Не зная, как бы еще укусить маршала, Дронов все-таки изыскал вот что: с декабря 1942 года Жуков «больше войск в свое прямое подчинение не получал до весны 1944 года». Вот, мол, какое недоверие, какой позор! Я не хочу следовать примеру полковника и сталкивать лбами полководцев арифметическими подсчетами, но приходится напомнить, что за время войны Жуков последовательно командовал фронтами Резервным, Ленинградским, Западным, 1-м Украинским и 1-м Белорусским, а Василевский за это же время получил «в свое прямое подчинение» только один 3-й Белорусский фронт и на довольно короткое время, с 20 февраля по 25 апреля 1945 года. В частности, и моя 50-я армия была под его командованием при штурме Кенигсберга. Как говорится, счет 5:1 в пользу Жукова. Но я из этого «счета»-подсчета не делаю никого вывода о таланте и заслугах двух великих полководцев. Выведением «рейтингов» любит заниматься генерал армии М. Гареев и придает им большое значение. Я ему однажды сказал: «Рейтинги уместны для спортсменов, например, для шахматистов: доска всегда имеет 64 клетки, соперники начинают сражение всегда при равном числе фигур равной силы, время на обдумывание ходов обоим всегда отводится равное. А на войне? А в настоящих сражениях? Все может быть разным – и количество, и качество войск, оружия, боеприпасов, питания солдат, и условия местности, и выгодная или невыгодная погода, и дух войск… Какие тут могут быть рейтинги!».

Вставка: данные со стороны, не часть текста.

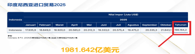 2025年印尼进口商业总额达到1981。642亿美元,复杂的进口规模折射出印尼市场对各类商品,特别是工业、本钱类产物的强劲需求。做为东南亚生齿第一大国(总生齿超2。85亿,雅加达焦点生齿超1000万),印尼的消费取工业出产需qiu持续,进口市场的扩容为海外企业ti供了广漠的入局空间。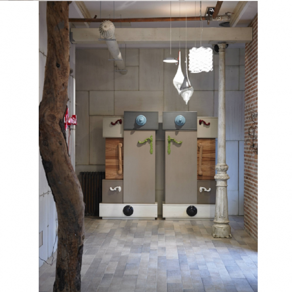 Avorio, talpa, caffè, sabbia, perla, argento patinato. Manici in legno intagliato a mano in

«Но во всем мире считают», – ответил мне генерал. «Своим умом надо жить, а дураков в мире всегда хватало».
Нельзя не сказать и о том, что упомянутый приказ наркома обороны был составлен Булганиным и Василевским на основе клеветнического доноса Сталину по делу сидевшего в это время в тюрьме бывшего Главного маршала авиации А. А. Новикова.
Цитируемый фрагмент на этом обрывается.